[ASSIGNMENT] An exact transcription is needed of the lines below from the one with "當用戶第一次點擊某個功能(比" through the one with "The Harvy2 is", with no other lines and no pictures.

[RECORD EXTRACTS]
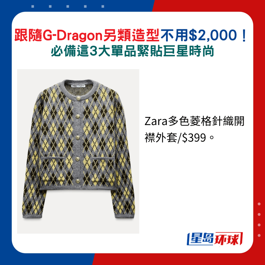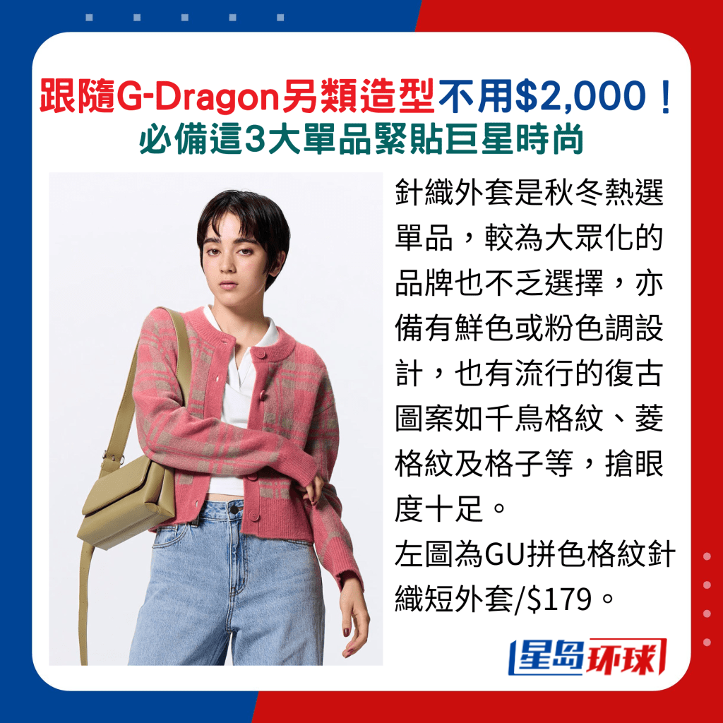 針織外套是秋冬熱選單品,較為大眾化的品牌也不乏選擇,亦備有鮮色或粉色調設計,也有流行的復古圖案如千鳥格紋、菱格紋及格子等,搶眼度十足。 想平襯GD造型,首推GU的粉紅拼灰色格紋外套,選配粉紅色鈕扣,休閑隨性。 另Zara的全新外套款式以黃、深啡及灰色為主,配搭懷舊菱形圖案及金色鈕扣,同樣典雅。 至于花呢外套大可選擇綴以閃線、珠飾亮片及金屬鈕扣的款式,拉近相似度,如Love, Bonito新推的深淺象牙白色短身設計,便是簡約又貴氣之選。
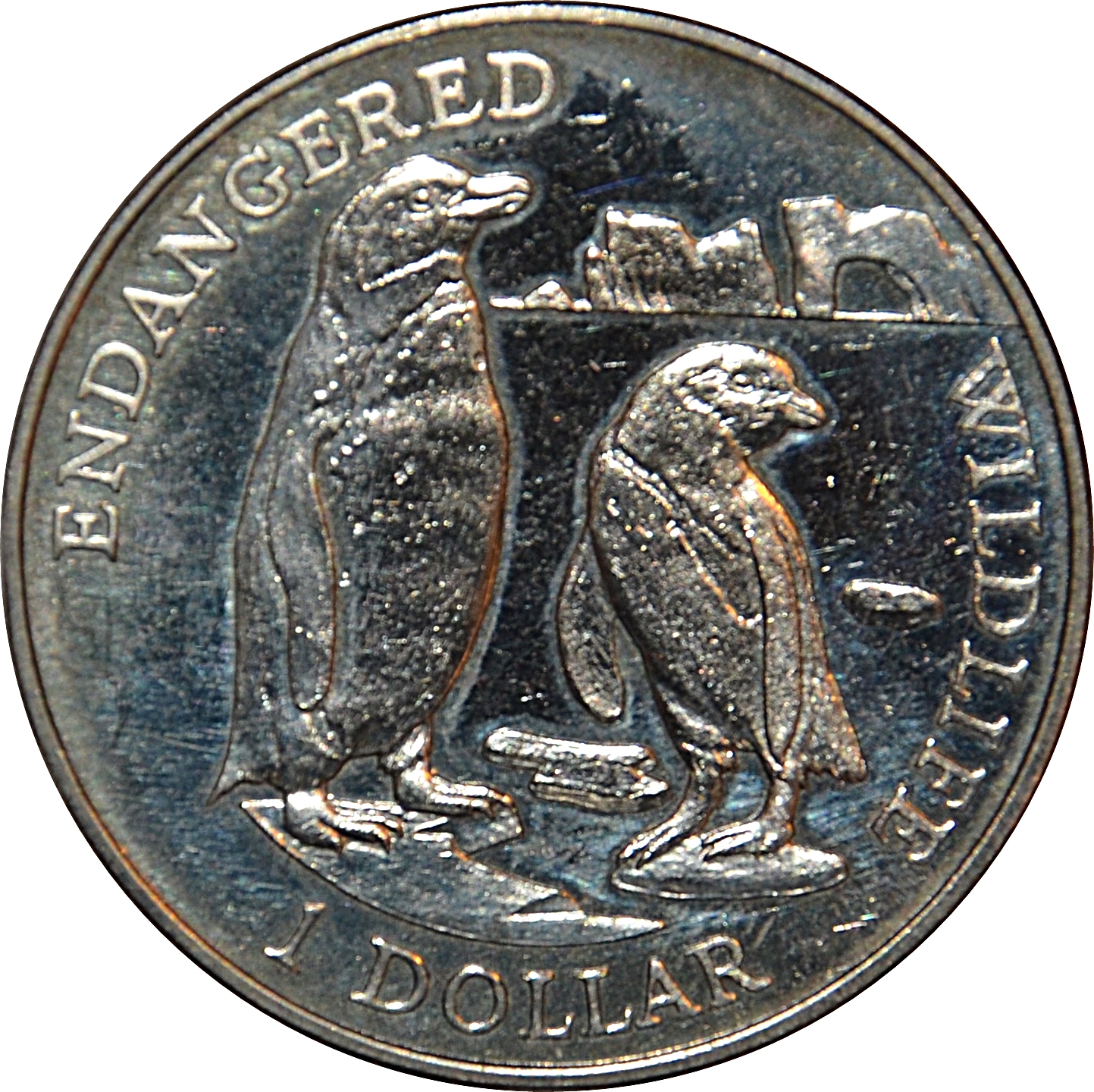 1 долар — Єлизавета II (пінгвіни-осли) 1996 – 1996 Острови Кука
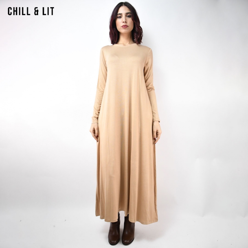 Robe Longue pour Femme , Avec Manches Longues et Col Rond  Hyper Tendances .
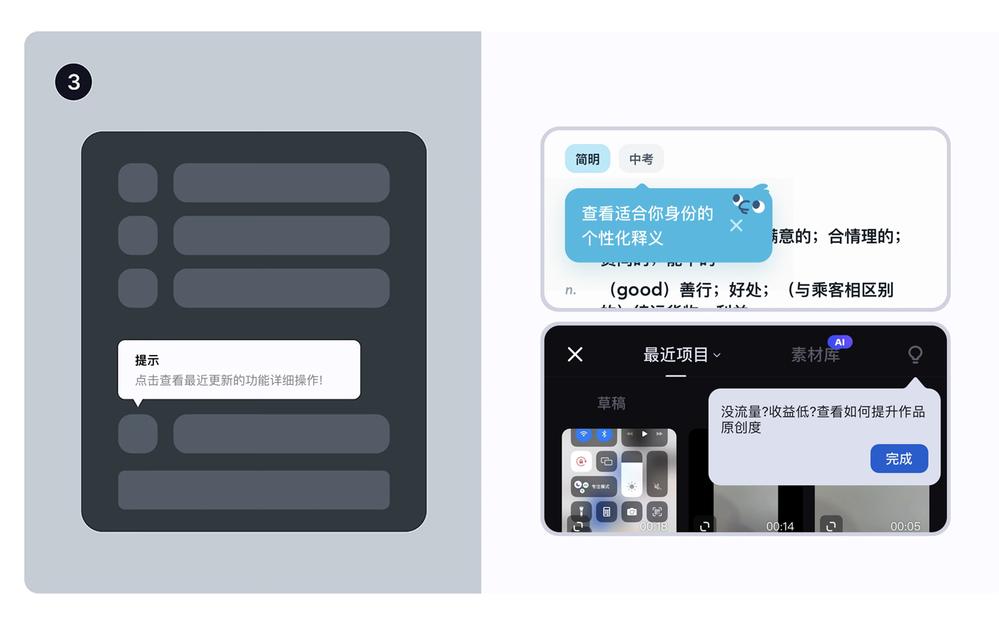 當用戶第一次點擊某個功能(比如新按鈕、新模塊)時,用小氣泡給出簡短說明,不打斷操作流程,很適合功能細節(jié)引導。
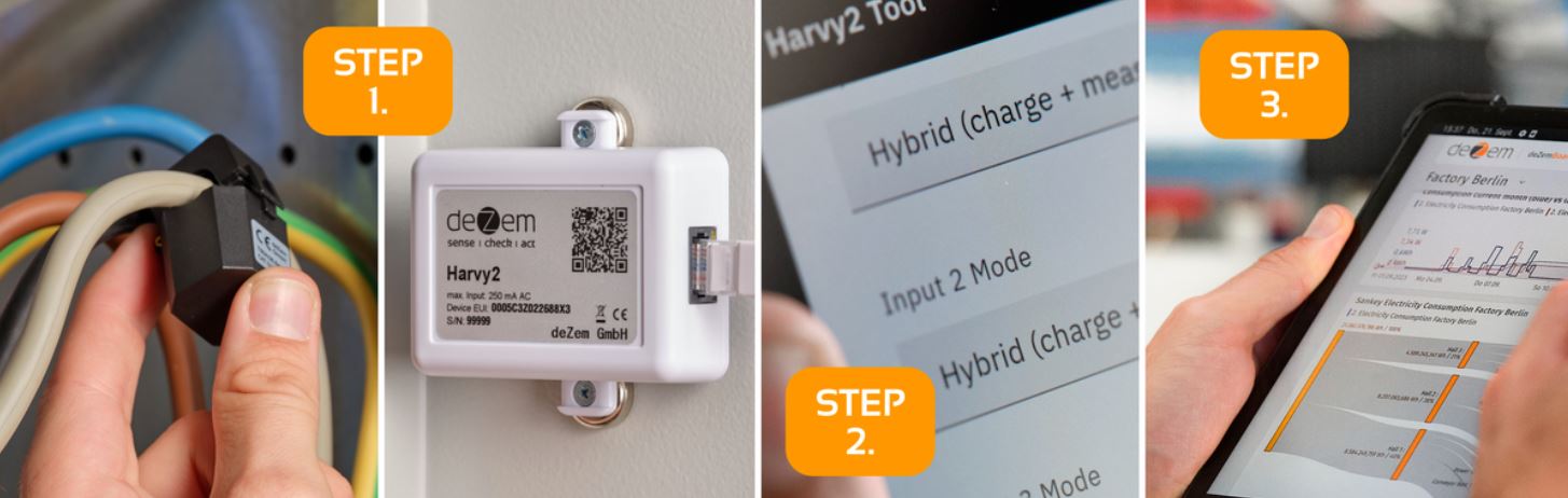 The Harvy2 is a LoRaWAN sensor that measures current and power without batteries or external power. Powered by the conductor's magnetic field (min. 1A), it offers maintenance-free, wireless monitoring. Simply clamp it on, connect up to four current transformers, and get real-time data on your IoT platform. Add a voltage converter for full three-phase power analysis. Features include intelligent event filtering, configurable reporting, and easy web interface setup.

---

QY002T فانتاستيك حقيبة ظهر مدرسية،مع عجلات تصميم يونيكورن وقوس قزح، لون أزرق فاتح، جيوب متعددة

[PROBLEM SOLUTION]
 當用戶第一次點擊某個功能(比如新按鈕、新模塊)時,用小氣泡給出簡短說明,不打斷操作流程,很適合功能細節(jié)引導。
 The Harvy2 is a LoRaWAN sensor that measures current and power without batteries or external power. Powered by the conductor's magnetic field (min. 1A), it offers maintenance-free, wireless monitoring. Simply clamp it on, connect up to four current transformers, and get real-time data on your IoT platform. Add a voltage converter for full three-phase power analysis. Features include intelligent event filtering, configurable reporting, and easy web interface setup.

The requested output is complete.